Sunday, August 21, 2005

Grillin' and Chillin'

Sunday night’s dinner was a light meal, perfect for a hot day. I pulled out the tiny propane grill and set about doing some chicken and a light orzo salad. All told, I think I had the stove on for 15 minutes to boil and cook the orzo. The following is from a woman on the food network. I like watching her cook and prepare, but sometimes I want to mute her because of her overzealous use of adjectives, it drives me nuts. So Giadia De Laurentis, thank you for the recipe. I will probably make it again.

Grilled Chicken with Basil Dressing
Recipe courtesy Giadia De Laurentis
Yield: 6 servings

2/3 cup extra-virgin olive oil
3 tablespoons plus 1/4 cup fresh lemon juice
1 1/2 teaspoons fennel seeds, coarsely crushed
1 1/2 teaspoons salt
1 teaspoon freshly ground black pepper
6 boneless skinless chicken breasts (I used chicken breast tenderloins, they were cheaper)
1 cup lightly packed fresh basil leaves
1 large clove garlic
1 teaspoon grated lemon zest

Whisk 1/3 cup of oil, 3 tablespoons of lemon juice, fennel seeds, 3/4 teaspoon salt, and 1/2 teaspoon pepper in a heavy-duty re-sealable plastic bag. Add the chicken and seal the bag. Massage the marinade into the chicken. Refrigerate at least 30 minutes and up to 1 day, turning the chicken occasionally. (NOTE: make sure to marinate for longer if you can, I did one hour, not that noticeable. Try for 4 hours if you can.)

Meanwhile, blend the basil, garlic, lemon zest, remaining 1/4 cup lemon juice, 3/4 teaspoon salt, and 1/2 teaspoon pepper in a blender until smooth. Gradually blend in the remaining 1/3 cup oil. Season the basil sauce, to taste, with more salt and pepper, if desired.

Prepare the barbecue for medium-high heat or preheat a grill pan over medium-high heat. Grill the chicken until just cooked through, about 5 minutes per side. Transfer the chicken to plates. Drizzle the basil sauce over and serve.

Orzo Salad
Recipe courtesy Giadia De Laurentis
Yield: 6 servings

4 cups broth (chicken or veggie)
1 1/2 cups orzo
1 (15-ounce) can garbanzo beans, drained and rinsed (I omitted them, not a fan)
1 1/2 cups red and yellow teardrop tomatoes or grape tomatoes, halved
3/4 cup finely chopped red onion
1/2 cup chopped fresh basil leaves
1/4 cup chopped fresh mint leaves
About 3/4 cup Red Wine Vinaigrette, recipe follows
Salt and freshly ground black pepper

Pour the broth into a heavy large saucepan. Cover the pan and bring the broth to a boil over high heat. Stir in the orzo. Cover partially and cook until the orzo is tender but still firm to the bite, stirring frequently, about 7 minutes.

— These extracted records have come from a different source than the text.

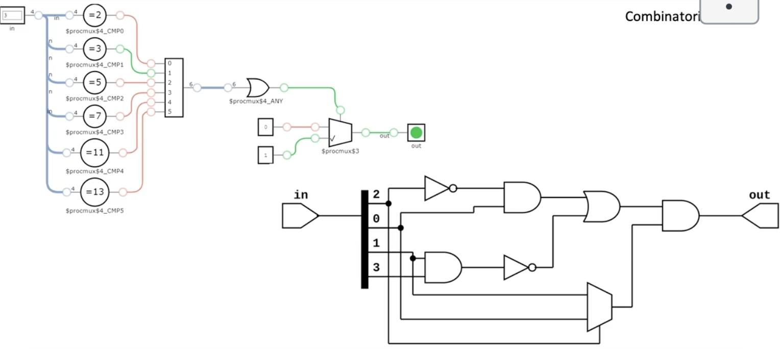 module PrimeTest( input wire[3:0] in, // 4-bit num, 0..15 output wire out); always @(*) // for every input basically, execute always case(in) 2,3,5,7,11,13: out = 1; // prime default: out = 0; // not prime endcaseendmodule
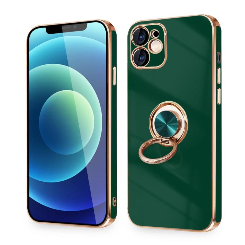 iPhone 12 ケース リング付き 耐衝撃 アイフォン 12 リング カバー 360°回転 スタンド機能 TPU 車載ホルダー対応 6.1インチ レンズ保護 ストラップホール付き (グリーン)
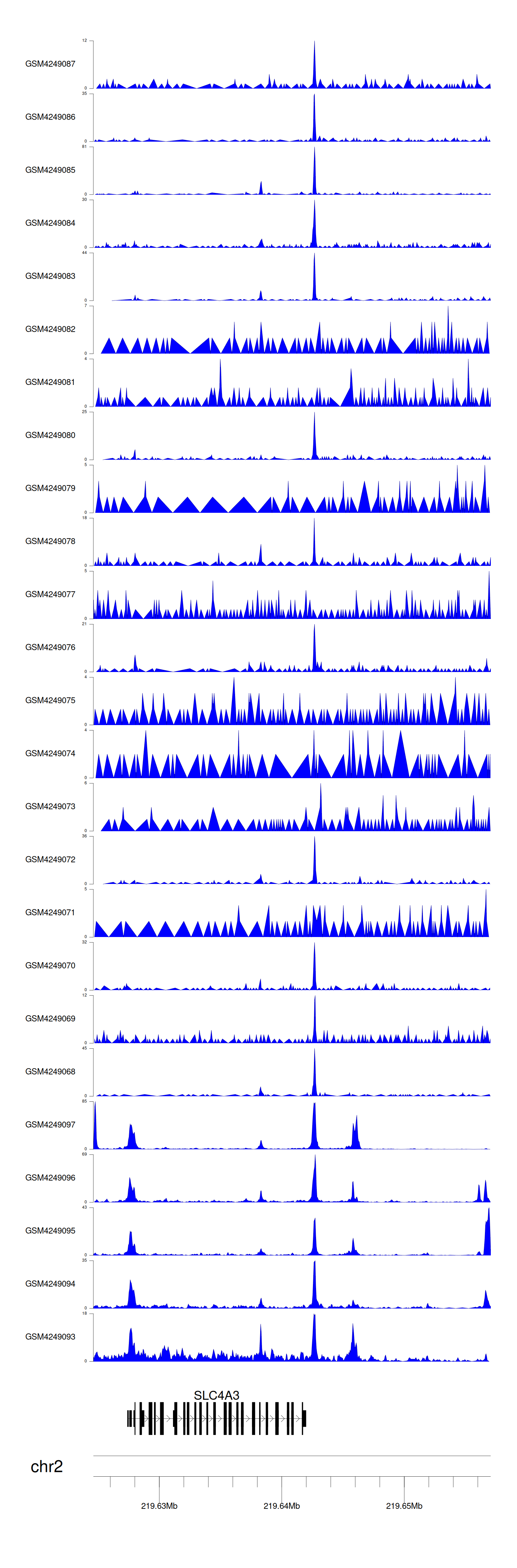 > Dataset: GSE143026 - SLC4A3 peak across samples
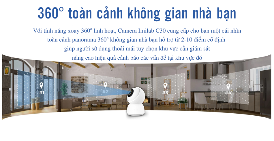 Camera ip Imilab C30 Bản Quốc Tế với tính năng xoay 360° linh hoạt, nó cung cấp cho bạn một cái nhìn toàn cảnh panorama 360° không gian nhà bạn, hỗ trợ cố định 2-10 điểm giúp người sử dụng thoải mái tùy chọn khu vực cần giám sát, nâng cao hiệu quả cánh báo các vấn đề theo khu vực.
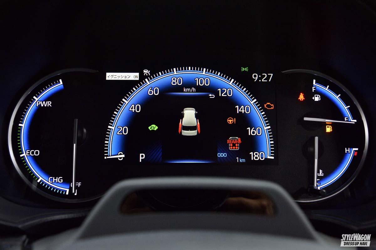 TNGAプラットフォームによるパッケージングの最適化は、室内空間の確保だけでなく、ドライバーを含めた乗員の着座位置の適正化にもつながる。ドライバーの着座位置からペダル配置、ステアリングやシフトレバーの配置などが、それぞれ最適になるようレイアウトされているのだ。ダッシュボードは水平基調で、アッパー部とロア部の2段トレー形状とすることで、前方視界特性を向上させながら、くつろぎの感じられる空間を作り出している。トレー先端が低く、さらにダブルAピラーとすることでピラー周囲の死角を低減させ、高い視認性を実現した。ピラー内装をブラックとすることで、ピラーが細く見える効果もあるのは絶妙だ。2段トレーの中央部にディスプレイオーディオを配置し、コンソール上段にエアコン操作部、シフトまわりに機能スイッチを配置するなど、エリア分けが明確に行われているのも特徴となる。エアコンルーバーは中央部を薄型に、左右サイド部をタテ型とすることで、ダッシュボード全体をすっきりとしたイメージに作り上げている。シンプルながらプレミアム性も感じられるインテリアと言えるだろう。
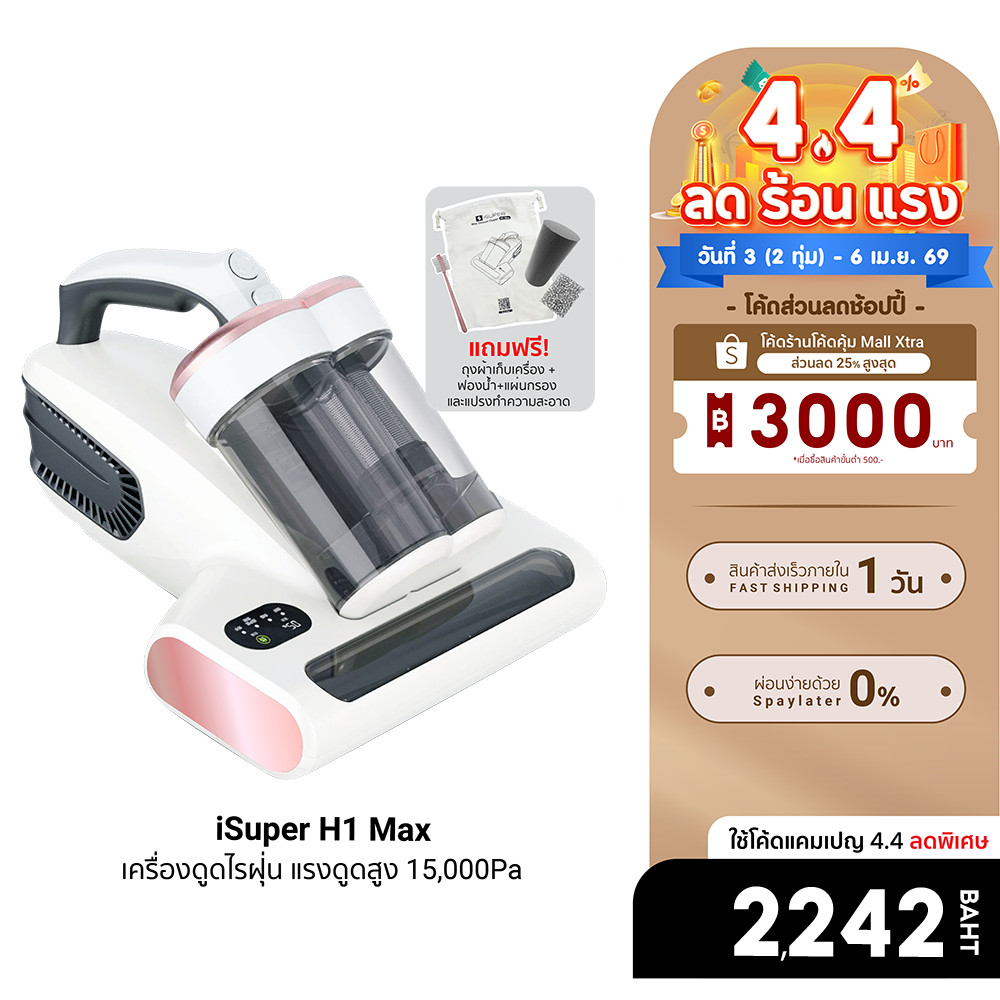 [ลดเหลือ 2242] iSUPER Anti Mites Vacuum Cleaner H1 Max เครื่องดูดไรฝุ่น เครื่องกำจัดไรฝุ่น แรงดูดสูง 15,000 Pa -1Y
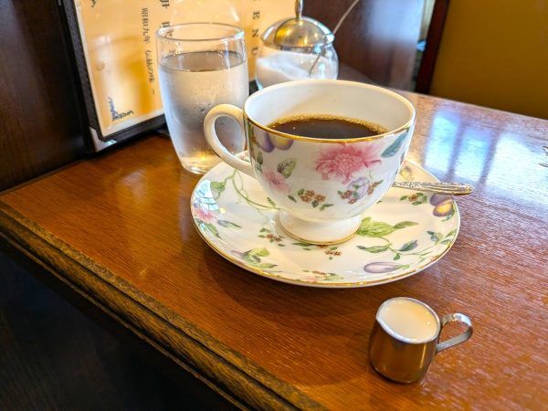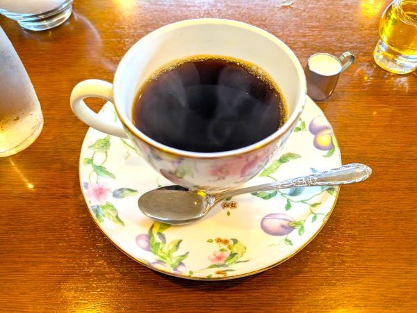 コーヒーは、ホットコーヒー・マイルドコーヒー・アメリカンコーヒーの中から選ぶことができます。その中からマイルドコーヒーを選びました。コクのあるおいしいコーヒーですね。ちなみにカップ&ソーサーはウェッジウッドです。キレイですね。
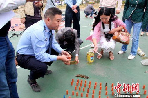 图为办案民警展示犯罪嫌疑人制造的弹药。 钟欣 摄
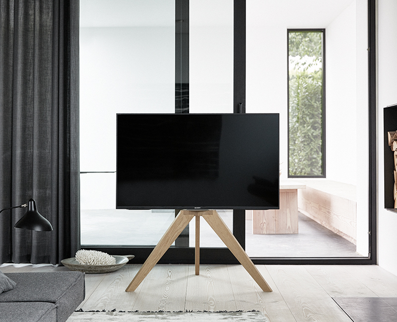 Tal y como pudo verse en IFA 2017, Vogel’s ha colaborado en el diseñador de producto danés Malte Kidde para crear el stand Next OP1, una pieza de mobiliario que simula un trípode para el televisor.
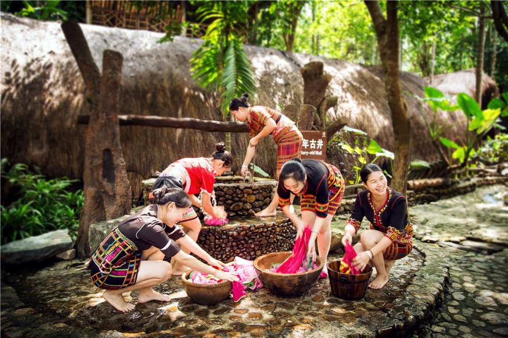 在非遺村內(nèi)感受海南原住民四大主題博物館:無紡館、麻紡館、棉紡館、龍被館,在百年甘什黎村置身遠古的黎族部落,體驗做一回真正的黎家人。
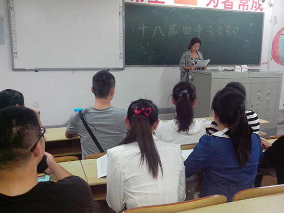 学生党建中心积极策划,通过“线上、线下”两条渠道多种载体广泛组织学生党员及入党积极分子开展学习讨论活动,营造了良好的理论学习氛围。通过“数统学院学生党建中心”微博平台及时转载《中共中央关于全面推进依法治国重大问题的决定》,借助网络平台开展了激烈的微博互动讨论。11月2日,学院分党校借助培训的有利时机,及时组织第七期全体学员以小组为单位广泛开展学习党的十八届四中全会精神活动,各组通过PPT展示、报告、辩论、心得体会交流等形式深入学习了十八届四中全会精神,加深了对依法治国的进一步理解。同时,还组织下班党员、下宿舍党员以班级和宿舍党章理论学习小组为阵地,带领学生掀起学习党的十八届四中全会精神的热潮,引导学生紧跟时事,把自己的人生梦与构建中国特色社会主义法治社会紧密结合起来。
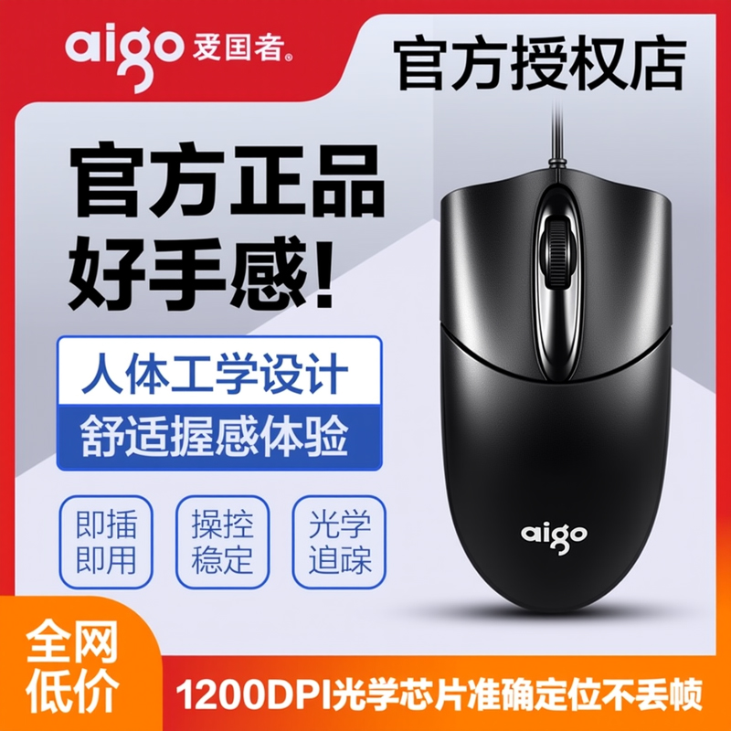 爱国者有线鼠标台式 笔记本通用适用于ACER联想HP华为小米DELL电脑

Drain the orzo through a strainer. Transfer the orzo to a large wide bowl and toss until the orzo cools slightly. Set aside to cool completely.

Toss the orzo with the beans, tomatoes, onion, basil, mint, and enough vinaigrette to coat. Season the salad, to taste, with salt and pepper, and serve at room temperature.

NOTE on the broth: I used chicken, it's what I had. When I cook with canned broth or dry boullion, I like to add a chunk of onion. I feel it naturalizes the flavor a bit, if in a can, there can be a bit of a metallic taste. If dry boullion, there is an obvious "processed" taste. The onion will help that, not eliminate it, but help take it away.

Red Wine Vinaigrette (Yield: 1 3/4 cups)
1/2 cup red wine vinegar
1/4 cup fresh lemon juice
2 teaspoons honey
2 teaspoons salt
3/4 teaspoon freshly ground black pepper
1 cup extra-virgin olive oil

Mix the vinegar, lemon juice, honey, salt, and pepper in a blender. With the machine running, gradually blend in the oil. Season the vinaigrette, to taste, with more salt and pepper, if desired.


Lady Brandenburg said...

All I have to say is, where do I sign up to be married to Scott... who made home-cooked meals SIX DAYS IN A ROW!? I mean, I don't think my mom does that. I'm lucky if I do two nights in a row... usually if I cook one night I "reward" myself by going out the next night thus spending WAY too much money on restaurants. I still think Scott should be the next food critic for the City Paper.

Dancer in DC said...

No way! If he gets a food critic job that means less cooking at home for ME! It's all about ME!